If your wheels are warped, that can also cause the rods to bind. After you get the linkage back together, make sure that the rods will clear the wheel rims.


----------



## bryher (Dec 17, 2011)

Thanks all.



servoguy said:


> Don't forget the E unit has to be vertical to work. It will not work if the loco is lying on its side.
> 
> If you had trouble when you reinstalled the side rods and valve gear, you may have the valve gear installed wrong which will bind up. Make sure the wheels rotate freely after you reassemble everything.


-ok will keep that in mind. I've had this thing apart so many times I'm starting to figure out all the gears and such. 





tjcruiser said:


> Bry,
> 
> I'm thrilled to hear your good news. Patience paid off!
> 
> ...


- thanks TJ. Ok will take some pics as I go (maybe also a video....see below  )






Konga Man said:


> If your wheels are warped, that can also cause the rods to bind. After you get the linkage back together, make sure that the rods will clear the wheel rims.

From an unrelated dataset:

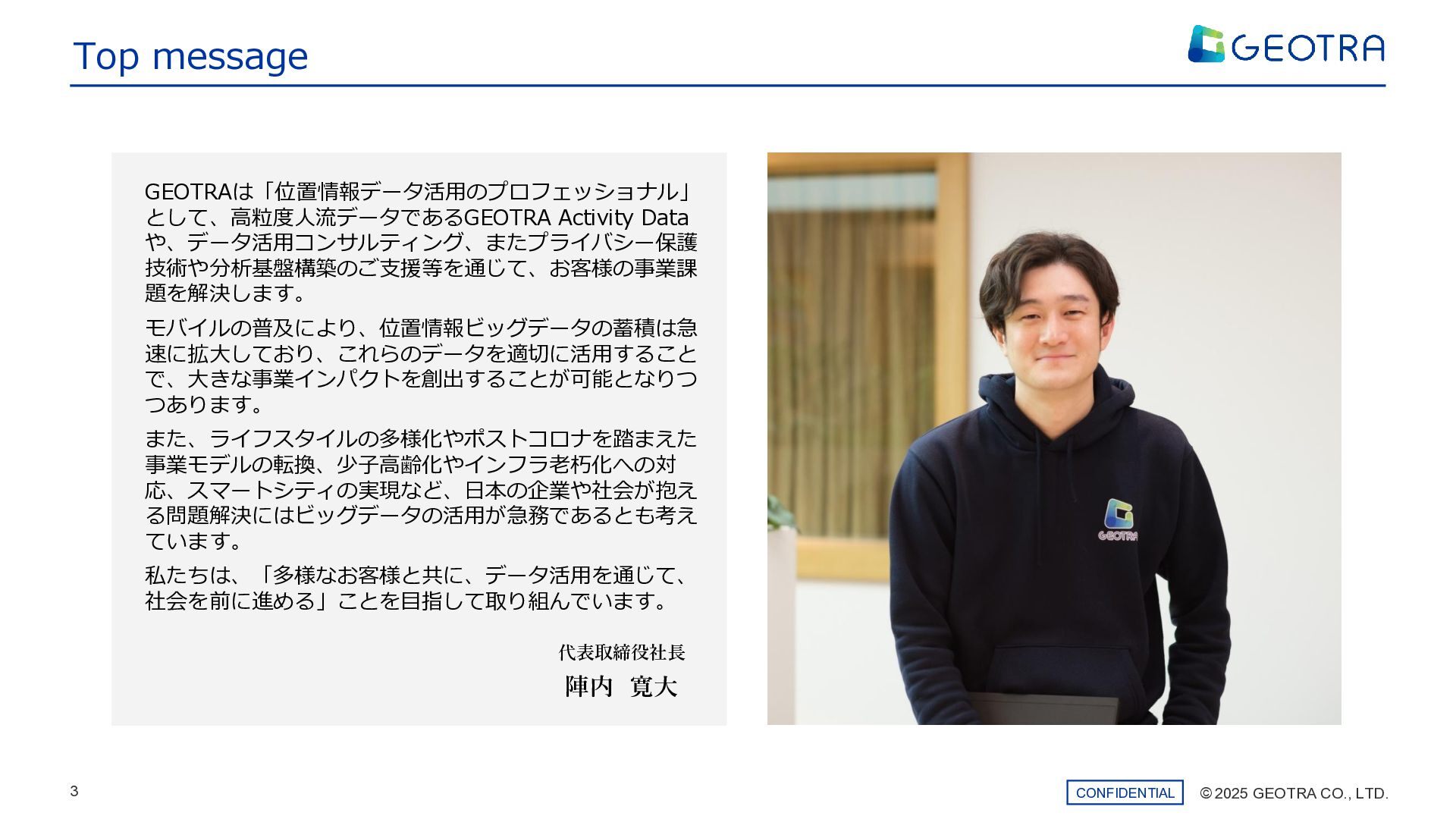 ©︎ 2025 GEOTRA CO., LTD. 3 CONFIDENTIAL 代表取締役社長 陣内 寛大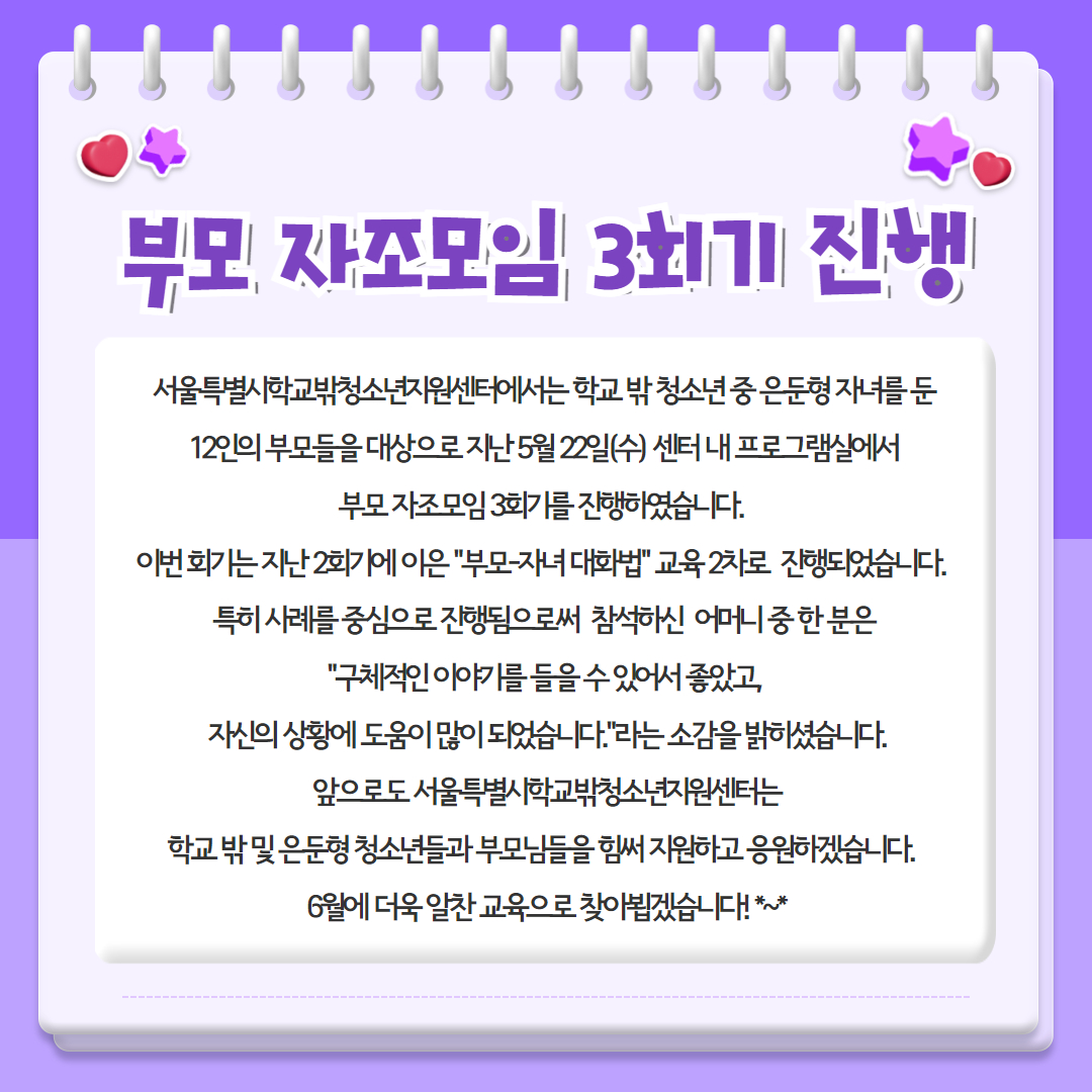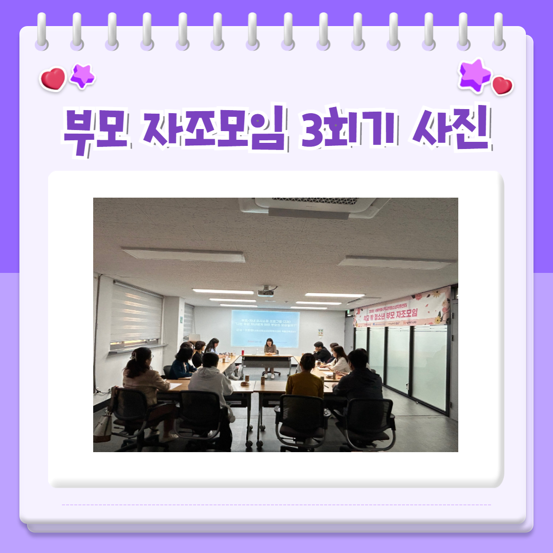 활동소식 HOME > 커뮤니티 > 센터 소식 > 활동소식 링크공유 프린트 2024년 서울특별시학교밖청소년지원센터 부모 자조모임 3회기 진행 관리자 0 160 0 0 Print 글주소 05-24 *상시로 모집을 진행하고 있으니 관심있는 부모님들께서는 언제든 신청해주세요!(문의: 루시 070-4281-5648)2024년 부모 자조모임 추가모집 신청서 - Google Forms 0 0 스크랩 목록 이전글 다음글

Got it. I think I've reassembled everything correctly b/c the wheels seem to move freely. However I still hear a little of the same grinding noise that originally caused me to open this up in the first place. If I'm able to post links to videos here, I'll try to take a quick video and link it all in my original thread so as to not hijack this threads off topic. Here's my thread

http://www.modeltrainforum.com/showthread.php?t=9811&page=2


----------



## gunrunnerjohn (Nov 10, 2010)

Note that the AC motors do tend to growl a bit. The vertical ones are worse, like the #41 Army switcher or the #50 gang car, but all of them are on the noisy side.


----------



## bryher (Dec 17, 2011)

hmmm, ok maybe thats it. im gonna try to take a short video of it to try to capture the sound.


----------